## Brief
These records contain pictures, which must be left out; copy exactly the lines from the one with "这幅作品将我们带入到appl" up to and including the one with "On Saturday, Feb".

## Provided entries
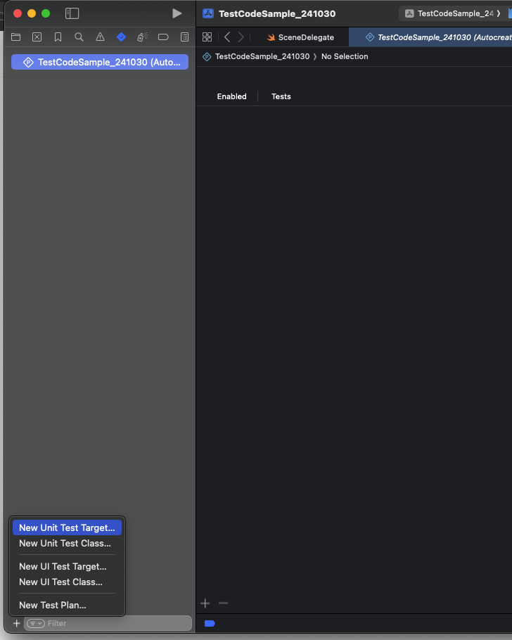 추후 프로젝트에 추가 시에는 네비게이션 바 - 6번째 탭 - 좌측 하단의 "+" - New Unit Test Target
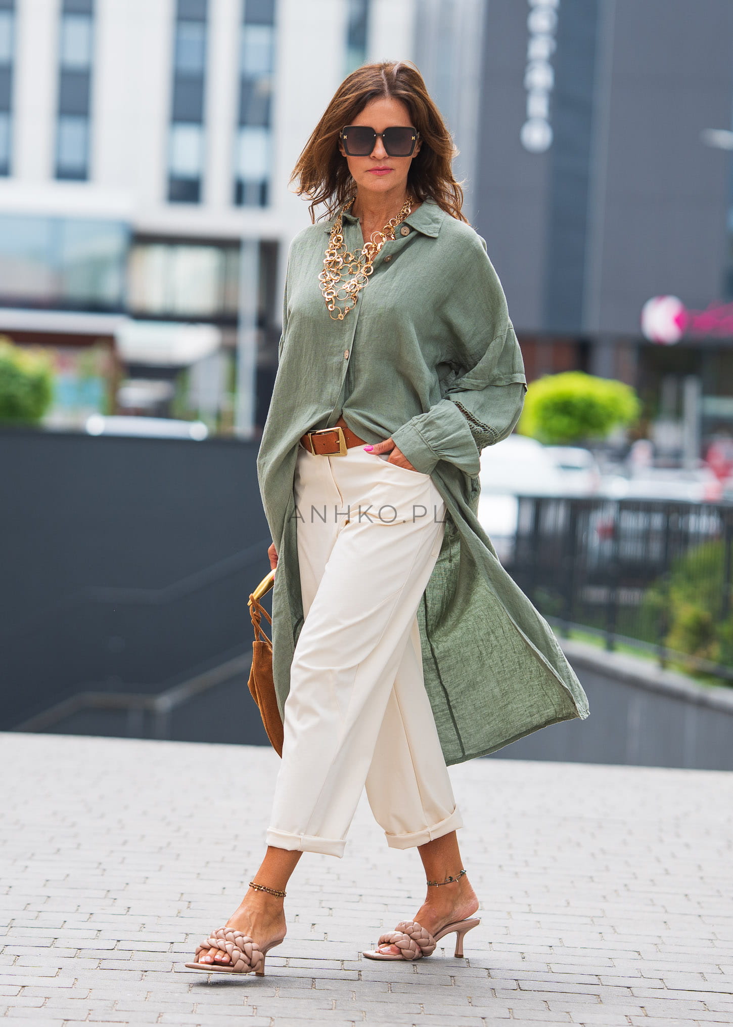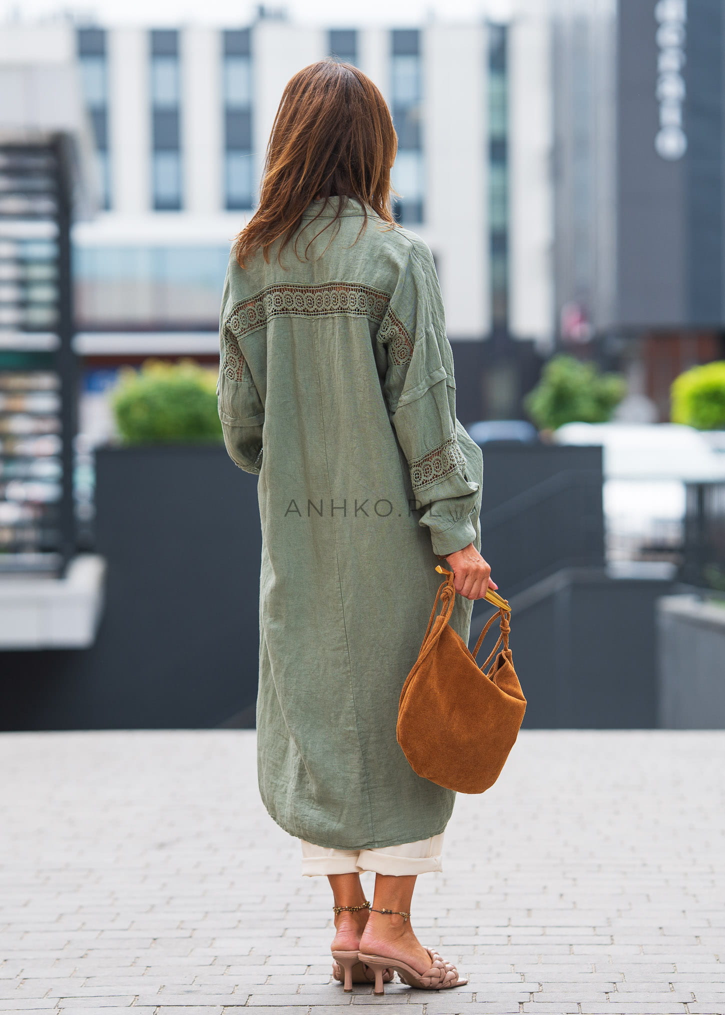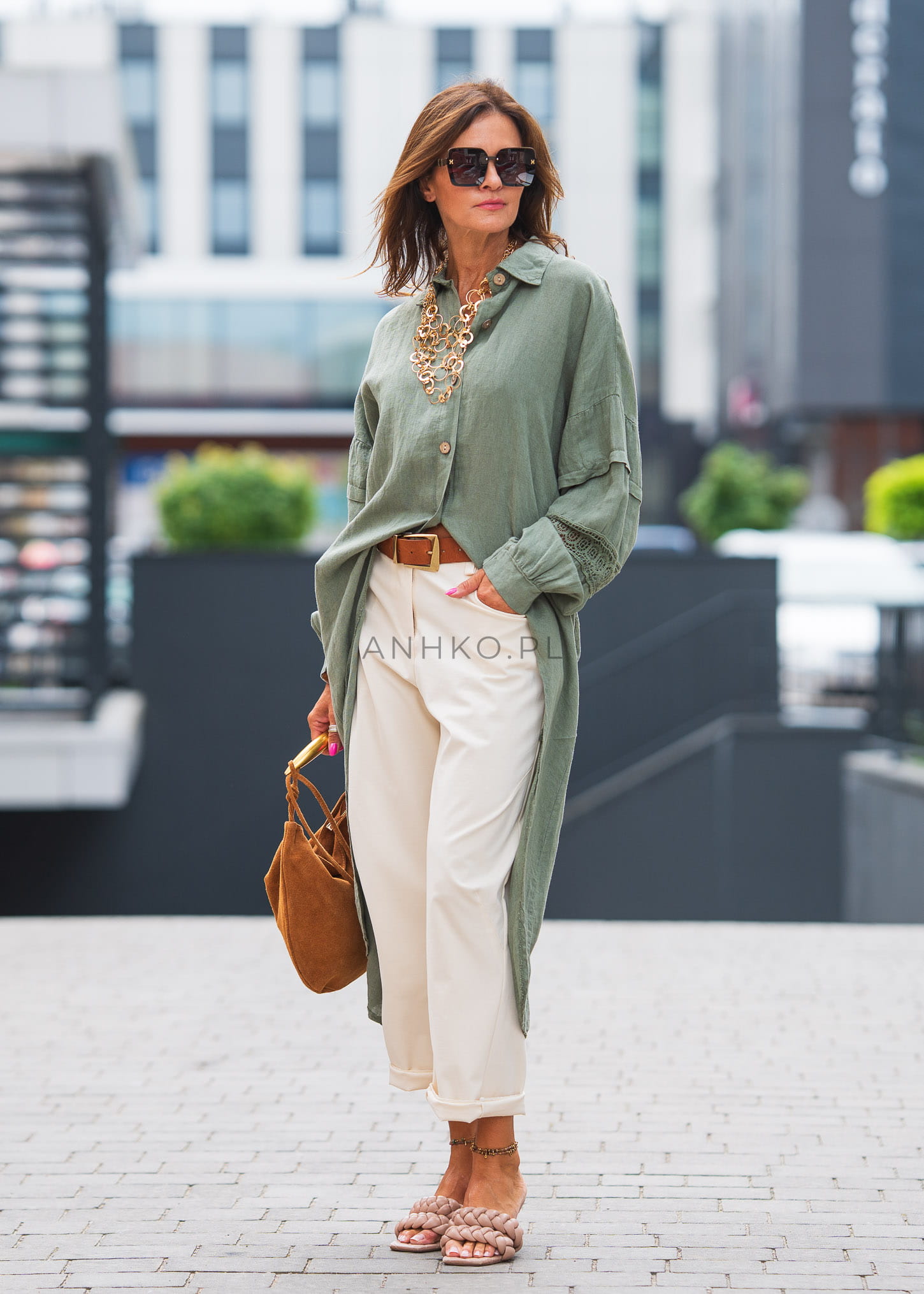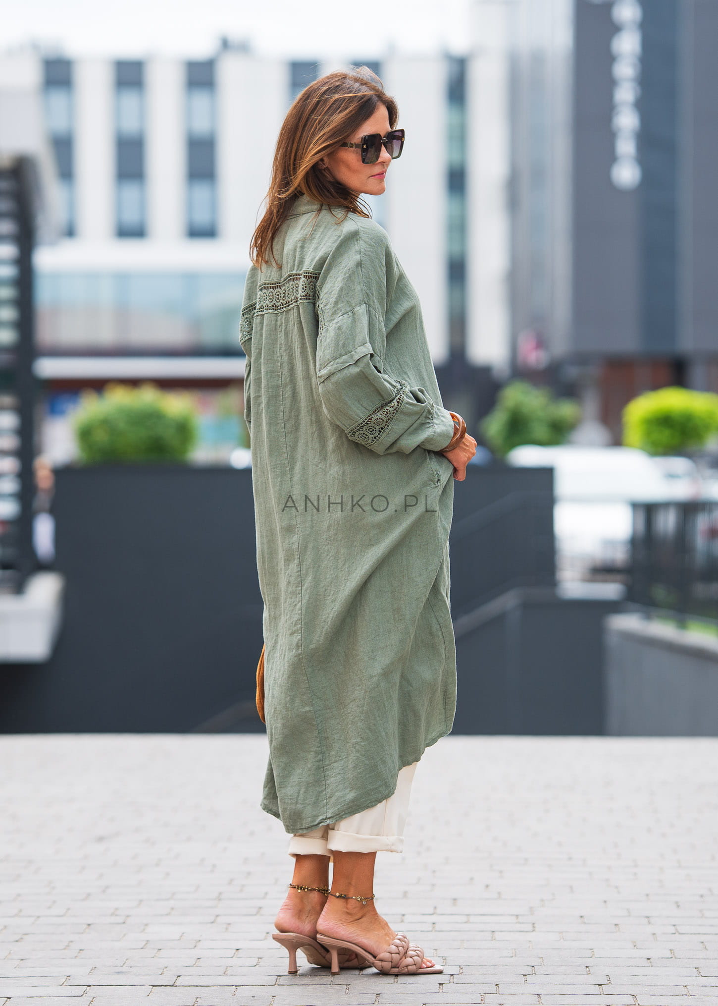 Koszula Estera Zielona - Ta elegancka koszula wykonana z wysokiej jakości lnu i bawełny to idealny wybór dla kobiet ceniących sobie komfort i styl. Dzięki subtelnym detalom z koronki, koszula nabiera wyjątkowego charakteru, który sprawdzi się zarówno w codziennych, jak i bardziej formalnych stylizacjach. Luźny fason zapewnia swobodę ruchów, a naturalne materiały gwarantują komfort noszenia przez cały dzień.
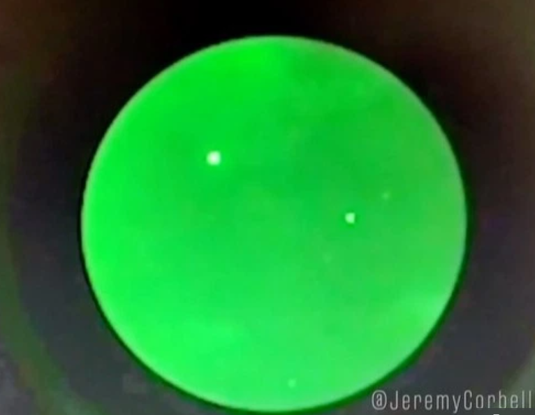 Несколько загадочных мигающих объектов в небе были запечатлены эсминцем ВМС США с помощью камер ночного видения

* * *

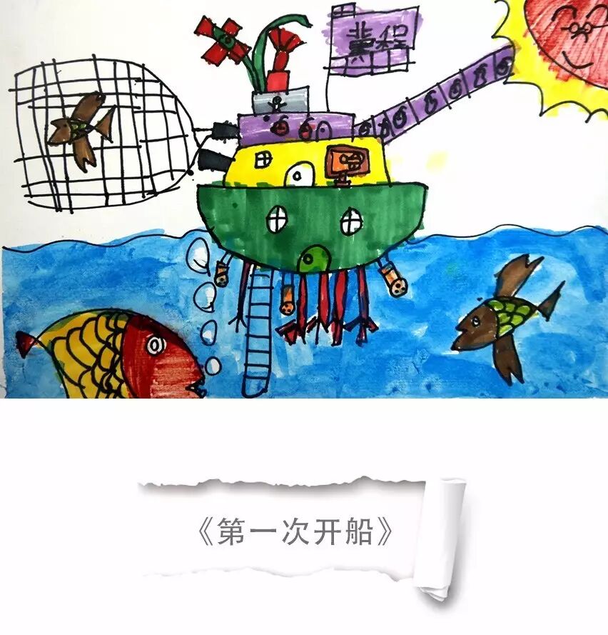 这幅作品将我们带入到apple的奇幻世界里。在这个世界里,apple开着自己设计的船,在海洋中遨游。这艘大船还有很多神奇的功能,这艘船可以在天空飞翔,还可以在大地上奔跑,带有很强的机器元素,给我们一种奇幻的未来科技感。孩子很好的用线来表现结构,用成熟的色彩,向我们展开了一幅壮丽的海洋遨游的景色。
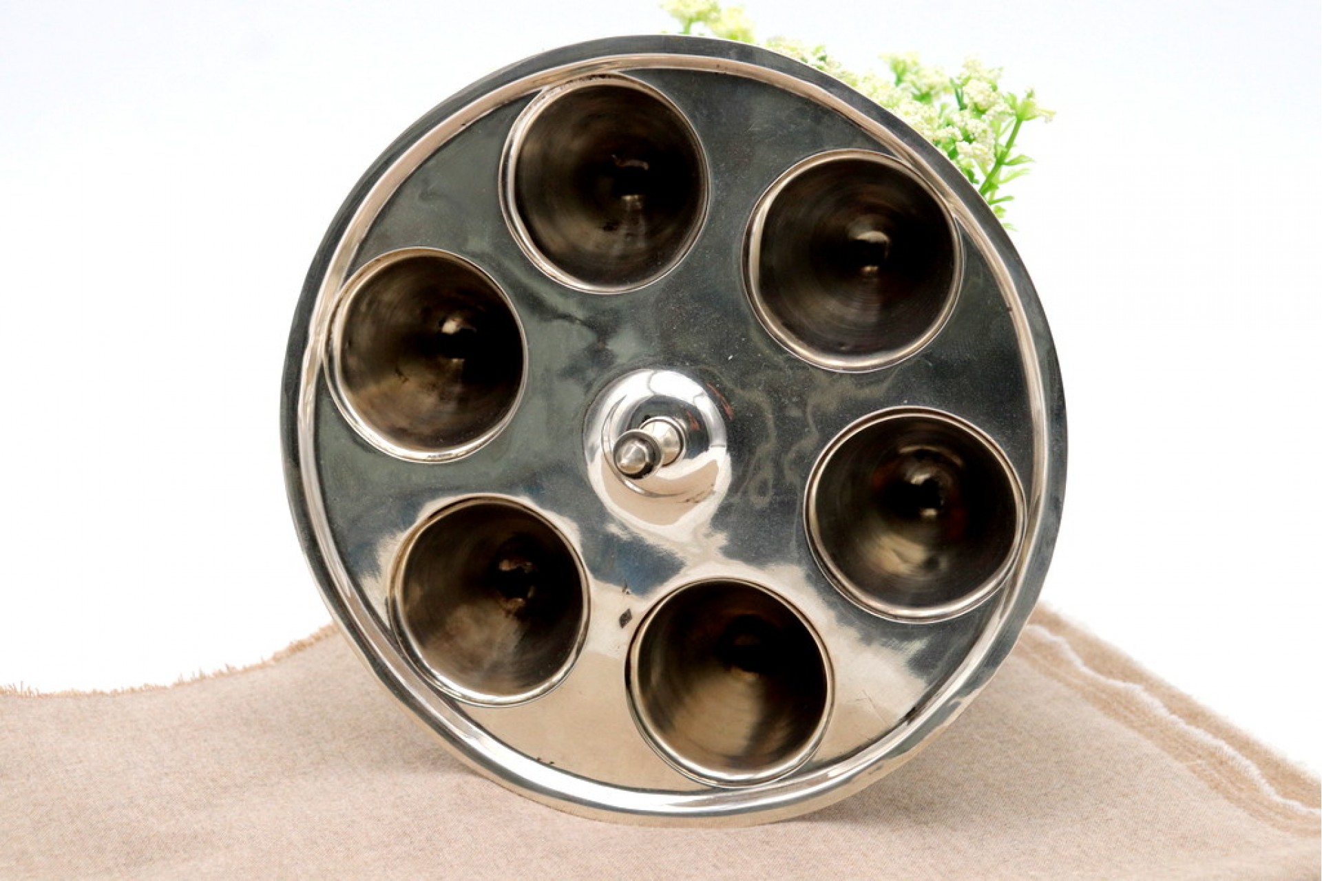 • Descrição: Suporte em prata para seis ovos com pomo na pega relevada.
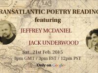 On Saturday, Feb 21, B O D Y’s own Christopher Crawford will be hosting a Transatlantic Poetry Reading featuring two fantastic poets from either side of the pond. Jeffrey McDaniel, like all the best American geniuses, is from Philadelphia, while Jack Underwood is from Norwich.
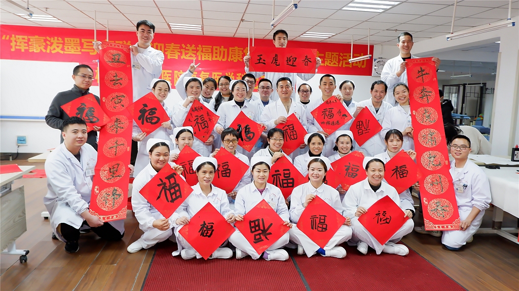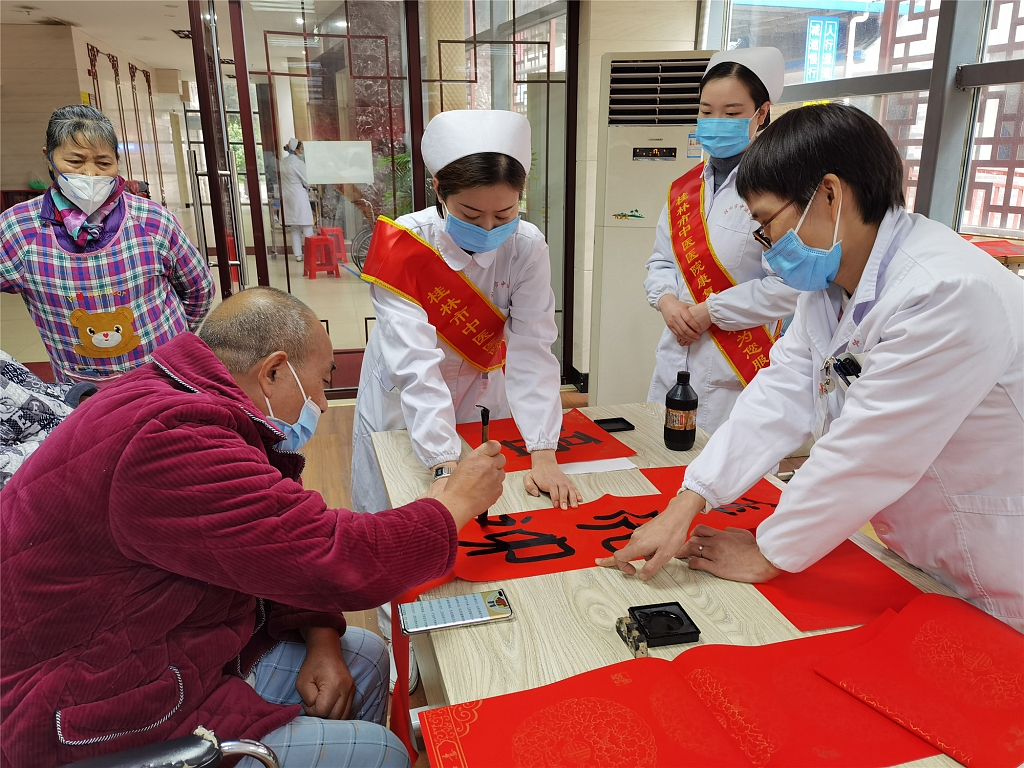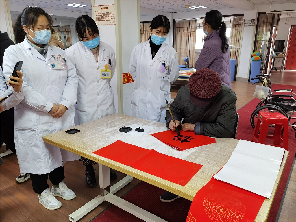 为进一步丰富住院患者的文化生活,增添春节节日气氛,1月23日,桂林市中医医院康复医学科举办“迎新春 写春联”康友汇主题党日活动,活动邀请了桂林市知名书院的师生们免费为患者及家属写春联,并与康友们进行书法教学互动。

...

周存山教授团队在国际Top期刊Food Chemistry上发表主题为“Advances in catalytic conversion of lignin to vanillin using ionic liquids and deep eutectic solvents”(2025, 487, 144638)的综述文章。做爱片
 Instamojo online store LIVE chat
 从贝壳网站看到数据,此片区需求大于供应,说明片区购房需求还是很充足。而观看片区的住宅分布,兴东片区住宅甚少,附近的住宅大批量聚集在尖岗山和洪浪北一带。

## Task solution
 这幅作品将我们带入到apple的奇幻世界里。在这个世界里,apple开着自己设计的船,在海洋中遨游。这艘大船还有很多神奇的功能,这艘船可以在天空飞翔,还可以在大地上奔跑,带有很强的机器元素,给我们一种奇幻的未来科技感。孩子很好的用线来表现结构,用成熟的色彩,向我们展开了一幅壮丽的海洋遨游的景色。
 • Descrição: Suporte em prata para seis ovos com pomo na pega relevada.
 On Saturday, Feb 21, B O D Y’s own Christopher Crawford will be hosting a Transatlantic Poetry Reading featuring two fantastic poets from either side of the pond. Jeffrey McDaniel, like all the best American geniuses, is from Philadelphia, while Jack Underwood is from Norwich.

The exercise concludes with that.